_What you should do_
Scan the records below for the line with "2005年9月30日至200" and the line with "как выглядит Small". Repeat those two lines and every line between them exactly, and nothing else.

_Information supplied_
######
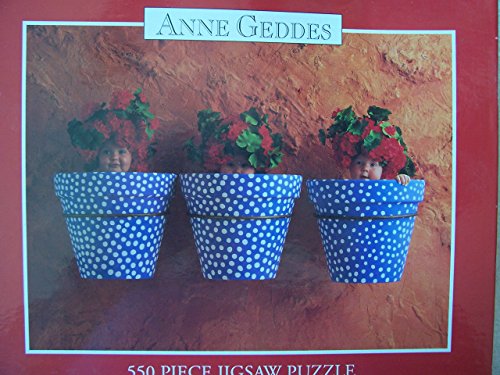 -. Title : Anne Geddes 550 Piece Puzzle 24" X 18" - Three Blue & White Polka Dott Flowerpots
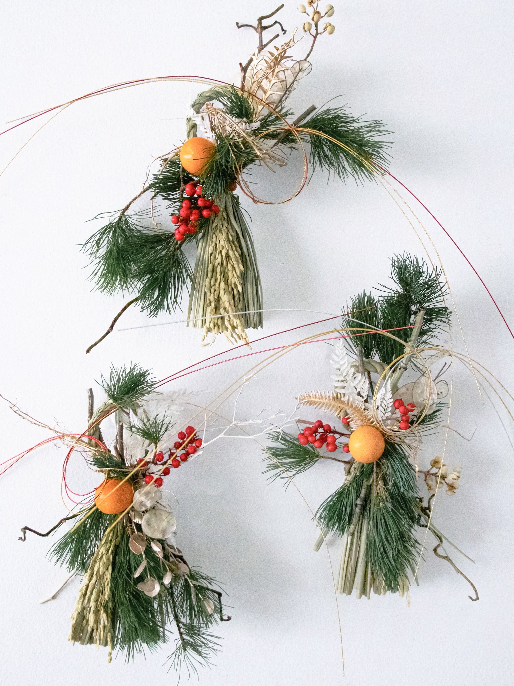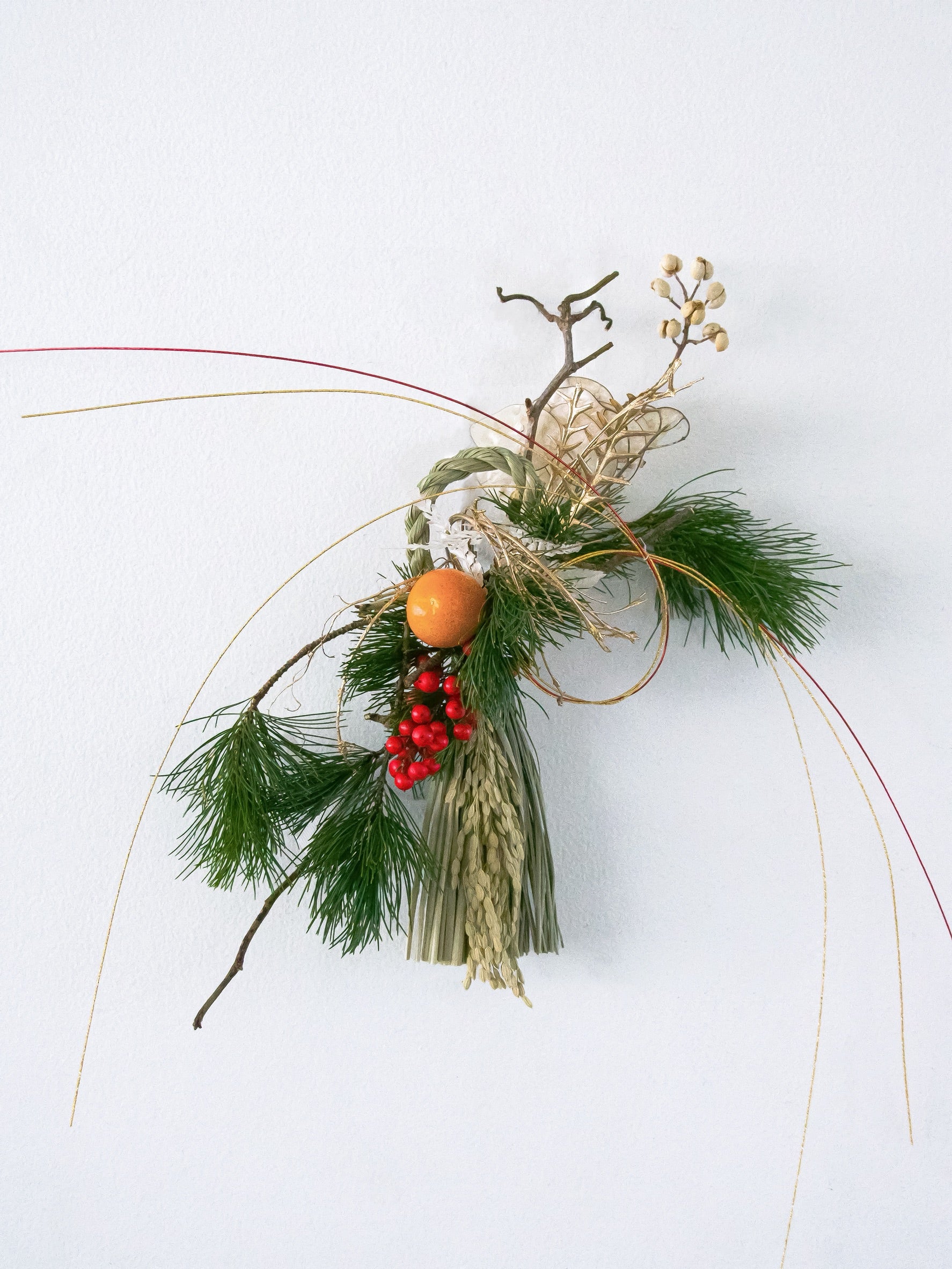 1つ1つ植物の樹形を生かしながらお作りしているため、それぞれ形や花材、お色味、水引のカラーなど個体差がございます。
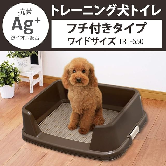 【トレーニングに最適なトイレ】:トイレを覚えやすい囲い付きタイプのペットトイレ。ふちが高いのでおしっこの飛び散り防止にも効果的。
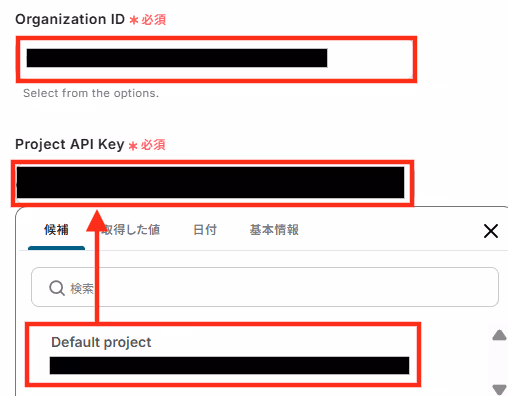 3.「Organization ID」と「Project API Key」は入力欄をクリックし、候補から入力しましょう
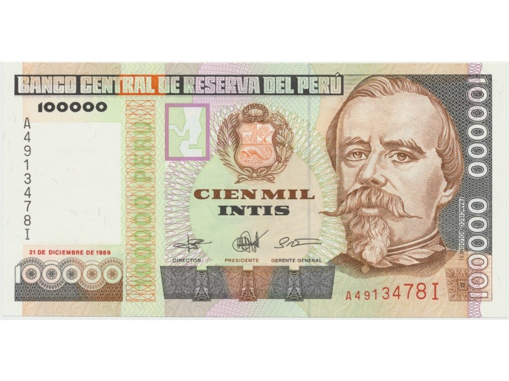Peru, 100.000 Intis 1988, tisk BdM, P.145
######
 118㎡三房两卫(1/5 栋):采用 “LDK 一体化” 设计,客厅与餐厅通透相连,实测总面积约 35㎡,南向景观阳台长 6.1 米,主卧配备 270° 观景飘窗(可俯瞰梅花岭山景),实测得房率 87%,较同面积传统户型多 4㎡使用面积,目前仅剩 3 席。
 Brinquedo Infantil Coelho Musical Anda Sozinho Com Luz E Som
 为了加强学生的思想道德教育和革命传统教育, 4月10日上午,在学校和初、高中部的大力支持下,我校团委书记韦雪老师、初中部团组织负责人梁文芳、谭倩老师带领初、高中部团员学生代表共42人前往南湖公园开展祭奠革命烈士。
######
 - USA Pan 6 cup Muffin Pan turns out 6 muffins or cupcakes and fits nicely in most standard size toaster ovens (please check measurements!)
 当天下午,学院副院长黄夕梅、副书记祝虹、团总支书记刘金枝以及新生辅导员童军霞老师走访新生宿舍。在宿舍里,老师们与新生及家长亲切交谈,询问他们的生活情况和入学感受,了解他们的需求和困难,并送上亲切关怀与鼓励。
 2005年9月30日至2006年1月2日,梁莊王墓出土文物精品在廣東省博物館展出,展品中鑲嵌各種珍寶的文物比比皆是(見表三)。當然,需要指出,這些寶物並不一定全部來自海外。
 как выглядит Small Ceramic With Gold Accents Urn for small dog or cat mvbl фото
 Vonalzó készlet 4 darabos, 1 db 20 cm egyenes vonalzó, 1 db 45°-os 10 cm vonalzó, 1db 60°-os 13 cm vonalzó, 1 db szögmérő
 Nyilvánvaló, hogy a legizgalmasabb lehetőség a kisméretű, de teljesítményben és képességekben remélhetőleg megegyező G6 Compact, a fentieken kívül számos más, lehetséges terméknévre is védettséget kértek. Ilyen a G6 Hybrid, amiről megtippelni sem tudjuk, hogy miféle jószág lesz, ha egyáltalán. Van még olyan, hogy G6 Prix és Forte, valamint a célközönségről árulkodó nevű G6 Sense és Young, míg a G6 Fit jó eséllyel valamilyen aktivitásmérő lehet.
######
_Answer below_
 2005年9月30日至2006年1月2日,梁莊王墓出土文物精品在廣東省博物館展出,展品中鑲嵌各種珍寶的文物比比皆是(見表三)。當然,需要指出,這些寶物並不一定全部來自海外。
 как выглядит Small Ceramic With Gold Accents Urn for small dog or cat mvbl фото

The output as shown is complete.